==== Given material ====

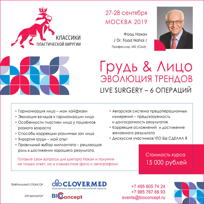 27-28 сентября приглашаем вас на обучающий курс «Классики пластической хирургии «Грудь & лицо. Эволюция трендов» с участием доктора с мировым именем, профессора Фоад Нахаи (США).
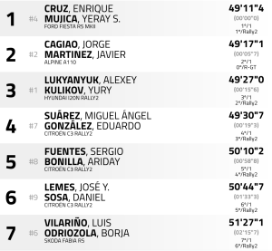 Las siguientes posiciones las diferencias con los anteriores y predecesores son importantes, por lo que, salvo problema mecánico o fallo, tienen pinta de tener poco movimiento. Con los abandonos de Alberto Ordóñez – José Pintor (Skoda Fabia R5) y Miguel Fuster – Alba Sánchez (Citroën C3 Rally2), la quinta plaza es para el tinerfeño Sergio Fuentes y el lanzaroteño Ariday Bonilla (Citroën C3 Rally2), que superan en 33.5 al lanzaroteño Yeray Lemes y el grancanario Daniel Sosa (Citroën C3 Rally2),, sextos. Séptimos son Luis Vilariño y Borja Odriozola (Skoda Fabia R5), seguidos de Iago Caamaño y José Alberto Rodríguez (Ford Fiesta R5 MKII).
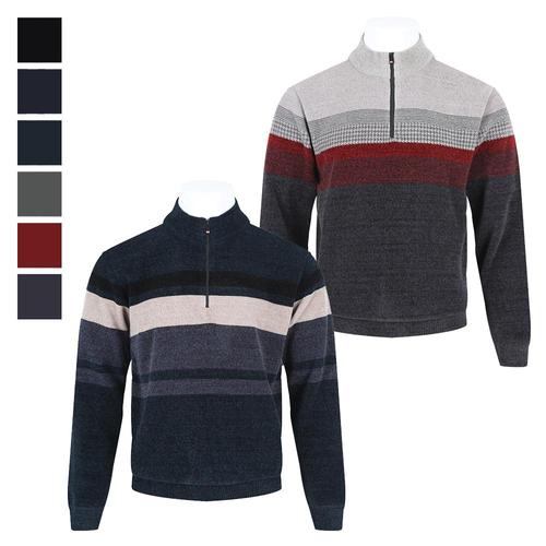 남자 소프트 고급 밍크기모 배색 반집업 니트 BR-KN-Q006-베이지

====

Task brief: Your copy should begin at the line containing "Las siguientes posiciones" and end at the last line of the data above, matching each line exactly and holding no pictures.

Reply:
 Las siguientes posiciones las diferencias con los anteriores y predecesores son importantes, por lo que, salvo problema mecánico o fallo, tienen pinta de tener poco movimiento. Con los abandonos de Alberto Ordóñez – José Pintor (Skoda Fabia R5) y Miguel Fuster – Alba Sánchez (Citroën C3 Rally2), la quinta plaza es para el tinerfeño Sergio Fuentes y el lanzaroteño Ariday Bonilla (Citroën C3 Rally2), que superan en 33.5 al lanzaroteño Yeray Lemes y el grancanario Daniel Sosa (Citroën C3 Rally2),, sextos. Séptimos son Luis Vilariño y Borja Odriozola (Skoda Fabia R5), seguidos de Iago Caamaño y José Alberto Rodríguez (Ford Fiesta R5 MKII).
 남자 소프트 고급 밍크기모 배색 반집업 니트 BR-KN-Q006-베이지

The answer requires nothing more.